■ **WORK REQUIRED**
Everything below from the line with "Sucht den Punkt" through the line with "1、游戏开始时点击点击继续按" must be retyped exactly, except the pictures.

■ **DATASET RECORDS**
※ ※ ※

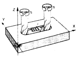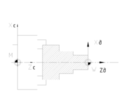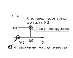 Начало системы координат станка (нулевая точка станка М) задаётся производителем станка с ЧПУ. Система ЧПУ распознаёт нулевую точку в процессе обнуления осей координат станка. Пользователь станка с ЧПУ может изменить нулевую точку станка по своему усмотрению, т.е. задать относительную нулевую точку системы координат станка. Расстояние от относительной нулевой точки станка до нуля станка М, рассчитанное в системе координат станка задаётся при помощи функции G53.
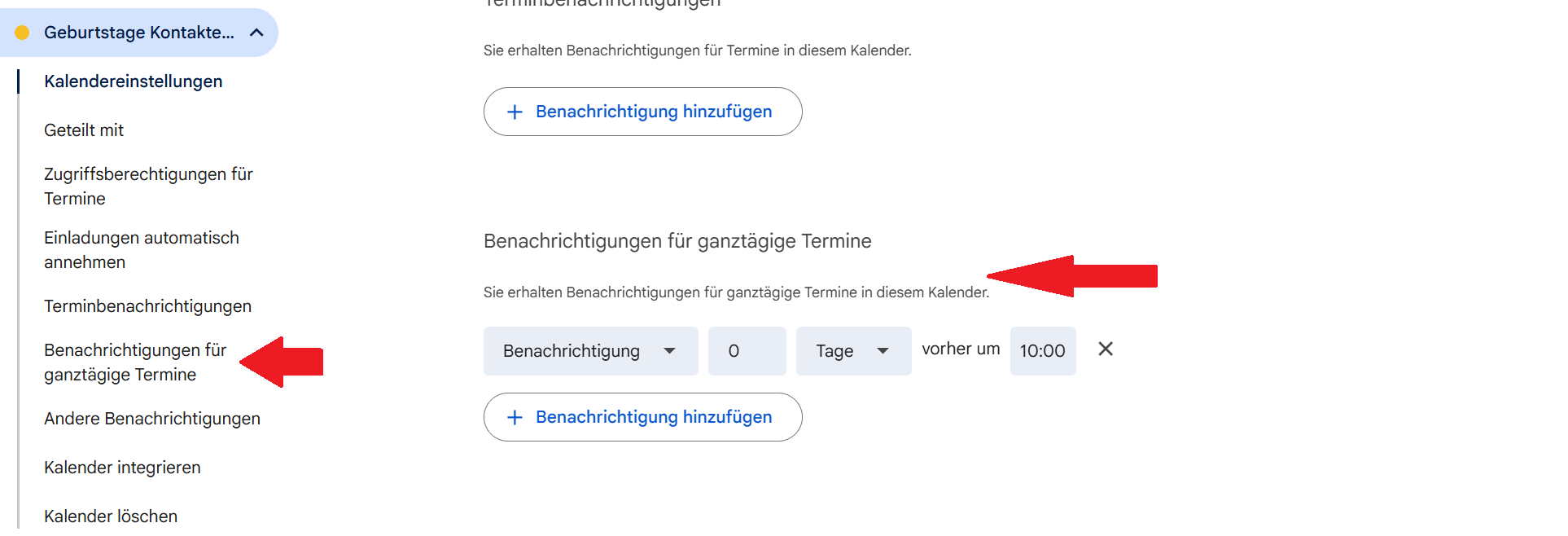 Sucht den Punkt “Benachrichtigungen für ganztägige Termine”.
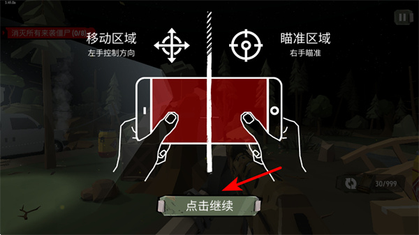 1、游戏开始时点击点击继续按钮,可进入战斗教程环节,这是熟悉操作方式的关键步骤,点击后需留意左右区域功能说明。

※ ※ ※

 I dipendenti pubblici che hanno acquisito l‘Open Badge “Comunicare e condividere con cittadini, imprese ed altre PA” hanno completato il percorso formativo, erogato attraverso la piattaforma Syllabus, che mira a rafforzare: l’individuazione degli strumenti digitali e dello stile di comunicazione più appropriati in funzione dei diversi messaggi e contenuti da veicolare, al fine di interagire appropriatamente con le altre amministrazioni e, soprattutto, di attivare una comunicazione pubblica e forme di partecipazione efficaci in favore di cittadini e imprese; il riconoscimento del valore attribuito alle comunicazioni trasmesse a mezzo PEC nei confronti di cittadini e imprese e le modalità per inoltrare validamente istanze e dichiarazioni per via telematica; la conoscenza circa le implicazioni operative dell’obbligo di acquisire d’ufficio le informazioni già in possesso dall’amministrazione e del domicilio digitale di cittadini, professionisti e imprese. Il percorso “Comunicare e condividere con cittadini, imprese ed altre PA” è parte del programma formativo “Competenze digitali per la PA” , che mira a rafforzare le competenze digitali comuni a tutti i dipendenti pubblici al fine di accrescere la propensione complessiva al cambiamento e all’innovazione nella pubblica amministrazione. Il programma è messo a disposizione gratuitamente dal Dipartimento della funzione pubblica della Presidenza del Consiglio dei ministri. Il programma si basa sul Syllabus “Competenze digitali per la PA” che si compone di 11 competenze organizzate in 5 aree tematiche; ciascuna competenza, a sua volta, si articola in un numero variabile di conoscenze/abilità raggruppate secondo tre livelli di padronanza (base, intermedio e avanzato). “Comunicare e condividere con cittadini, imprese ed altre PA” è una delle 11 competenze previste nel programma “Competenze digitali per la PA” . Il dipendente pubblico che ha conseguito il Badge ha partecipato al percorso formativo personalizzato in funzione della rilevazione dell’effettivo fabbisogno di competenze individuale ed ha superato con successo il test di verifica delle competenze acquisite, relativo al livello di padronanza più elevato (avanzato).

※ ※ ※

■ **OUTPUT FOR THIS EXERCISE**
 Sucht den Punkt “Benachrichtigungen für ganztägige Termine”.
 1、游戏开始时点击点击继续按钮,可进入战斗教程环节,这是熟悉操作方式的关键步骤,点击后需留意左右区域功能说明。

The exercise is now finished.